Privacy and Security Law – The New Normal

CCPA Now Enforceable by California AG; New Regulations Require Attention

Posted In CCPA

July 1 has arrived, which means that the California Attorney General (AG) may now enforce the state’s recently-enacted privacy statute, the California Consumer Privacy Act (CCPA).  Because of the breadth of the law, and the multiple evolutions of its requirements, this is a good time to check in on your compliance – even if you did some footwork at the end of 2019 in anticipation of the new law – to ensure that you are up to date with all the new elements of the CCPA. 

Timeline of the CCPA

For companies subject to the law, a quick refresher on status:

  • The law itself took effect on 1/1/2020.
  • As the pandemic started, a coalition of 60+ companies asked the AG to delay its 7/1/2020 planned enforcement date; the AG refused.
  • The AG’s office has, since fall 2019, been working on implementing regulations to accompany the law.
  • In late June, the AG finalized its implementing regulations and submitted them for publication.  They will take effect when published, likely this summer. 

Different Enforcement Mechanisms for Consumers and AG

What does this confusing timeline mean?  Consumers, who have a direct right of action under the CCPA, can sue a company for privacy breaches happening after 1/1/2020.  As of 7/1/2020, the AG is also empowered to enforce the statute, and can investigate and fine companies that do not comply (not just companies that have suffered a data breach).  He will also be able to enforce the implementing regulations, which detail some of the CCPA’s notice and other requirements, as soon as they are made official via publication. 
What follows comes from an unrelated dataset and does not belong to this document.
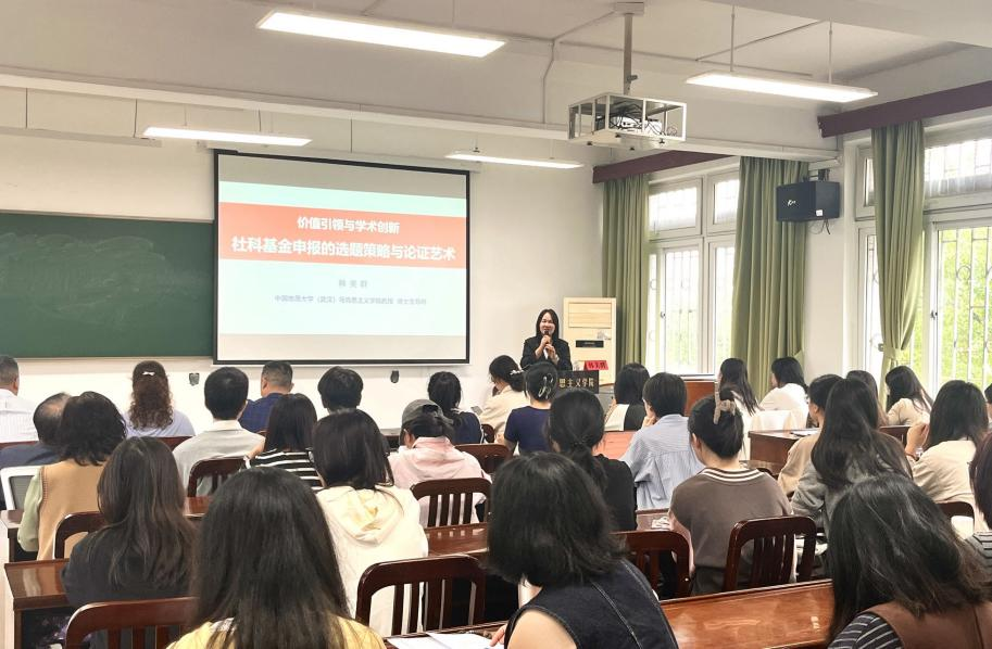 10月17日上午,我院举办领航讲堂第65讲。中国地质大学(武汉)马克思主义学院韩美群教授应邀作了题为“价值引领与学术创新——社科基金申报的选题策略与论证艺术”的专题报告,我院部分教师及2024、2025级硕士研究生现场聆听报告,报告由副院长瞿晓琳主持。

The bottom line is that companies covered by the law should be compliant already with the statute itself; and they should review their compliance plan to be certain that it comports with the soon-to-take-effect implementing regulations.   

Changes and Clarifications in the Implementing Regulations

The forthcoming regulations require study and possibly additional compliance efforts, although they do relax requirements for certain matters.  Notable changes or areas of clarification in the implementing regulations include the following:

  • They give a detailed framework about how the consumer access/deletion request process should work, including timelines to resolve such requests, verifying the identity of the requestor, and more. Companies that hold a lot of consumer information should review these very carefully and ensure that their workflow can support the detailed requirements. 
  • They detail that required notices must be “reasonably accessible” to consumers with disabilities, a requirement that can be enforced under the federal laws covering disability protections and which can open a non-compliant company to monetary damages under California law.
  • They provide additional detail on the requirements of privacy and other notices to consumers. 
  • They detail what is required of a “service provider” company and create some relief for them.
  • They clarify that a company that neither collects information directly from consumers nor sells consumer information does not have to provide a consumer privacy notice “at or before” collection.